__TASK OBJECTIVE__
Take the line that contains "Προστατευτικό αδιάβροχο επίστρωμα" and each line after it to the end of the material below, and return them exactly, minus the pictures.

__SUPPLIED DATA__
____________________

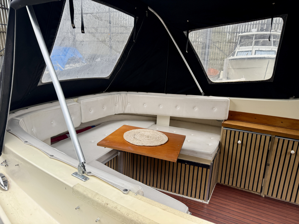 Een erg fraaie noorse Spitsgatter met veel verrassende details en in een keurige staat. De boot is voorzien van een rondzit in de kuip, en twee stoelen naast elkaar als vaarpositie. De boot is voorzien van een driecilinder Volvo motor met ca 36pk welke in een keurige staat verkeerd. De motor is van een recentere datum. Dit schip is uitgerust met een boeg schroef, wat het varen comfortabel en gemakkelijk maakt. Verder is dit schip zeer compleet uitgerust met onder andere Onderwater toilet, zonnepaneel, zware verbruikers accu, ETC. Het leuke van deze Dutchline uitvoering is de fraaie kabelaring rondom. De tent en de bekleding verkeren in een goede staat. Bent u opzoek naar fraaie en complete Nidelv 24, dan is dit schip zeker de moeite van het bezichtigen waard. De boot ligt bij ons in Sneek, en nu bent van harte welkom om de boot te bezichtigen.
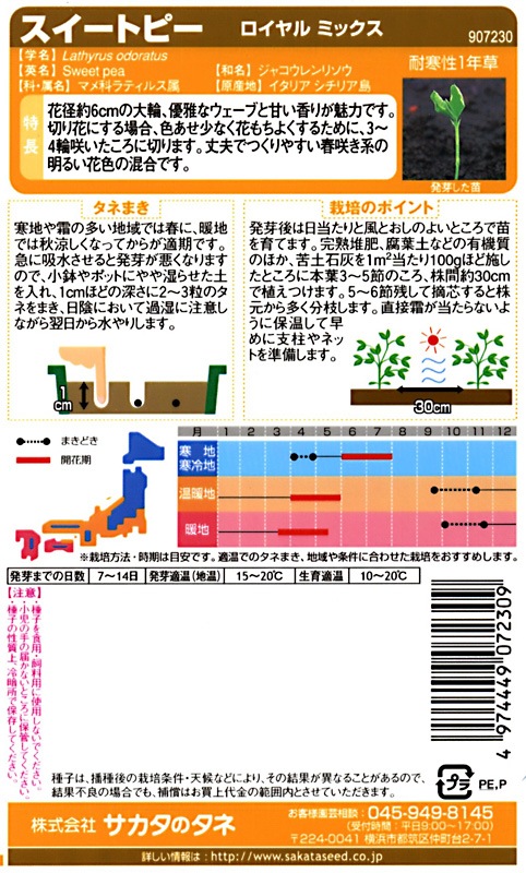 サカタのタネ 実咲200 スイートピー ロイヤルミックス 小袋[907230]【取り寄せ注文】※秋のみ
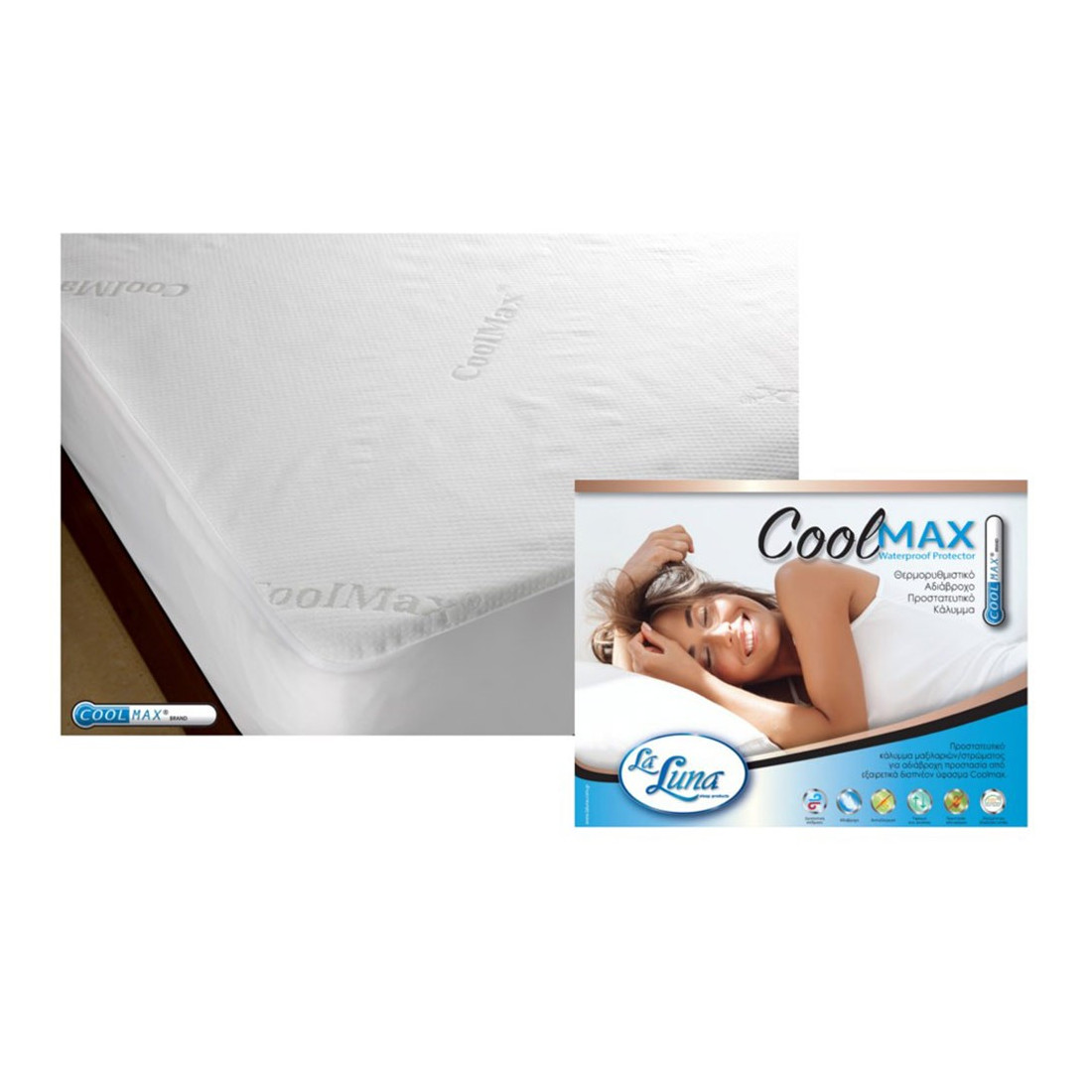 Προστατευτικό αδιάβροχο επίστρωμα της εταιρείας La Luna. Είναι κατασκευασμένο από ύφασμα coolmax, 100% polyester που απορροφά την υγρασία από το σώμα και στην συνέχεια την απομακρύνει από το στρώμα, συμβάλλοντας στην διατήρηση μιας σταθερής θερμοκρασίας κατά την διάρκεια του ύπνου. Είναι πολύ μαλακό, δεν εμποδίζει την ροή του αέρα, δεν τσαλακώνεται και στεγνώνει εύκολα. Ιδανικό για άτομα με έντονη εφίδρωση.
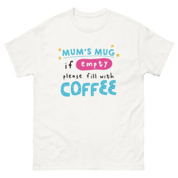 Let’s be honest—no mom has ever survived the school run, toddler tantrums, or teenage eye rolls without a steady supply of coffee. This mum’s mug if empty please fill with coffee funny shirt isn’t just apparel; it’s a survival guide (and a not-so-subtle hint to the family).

____________________

__ANSWER__
 Προστατευτικό αδιάβροχο επίστρωμα της εταιρείας La Luna. Είναι κατασκευασμένο από ύφασμα coolmax, 100% polyester που απορροφά την υγρασία από το σώμα και στην συνέχεια την απομακρύνει από το στρώμα, συμβάλλοντας στην διατήρηση μιας σταθερής θερμοκρασίας κατά την διάρκεια του ύπνου. Είναι πολύ μαλακό, δεν εμποδίζει την ροή του αέρα, δεν τσαλακώνεται και στεγνώνει εύκολα. Ιδανικό για άτομα με έντονη εφίδρωση.
 Let’s be honest—no mom has ever survived the school run, toddler tantrums, or teenage eye rolls without a steady supply of coffee. This mum’s mug if empty please fill with coffee funny shirt isn’t just apparel; it’s a survival guide (and a not-so-subtle hint to the family).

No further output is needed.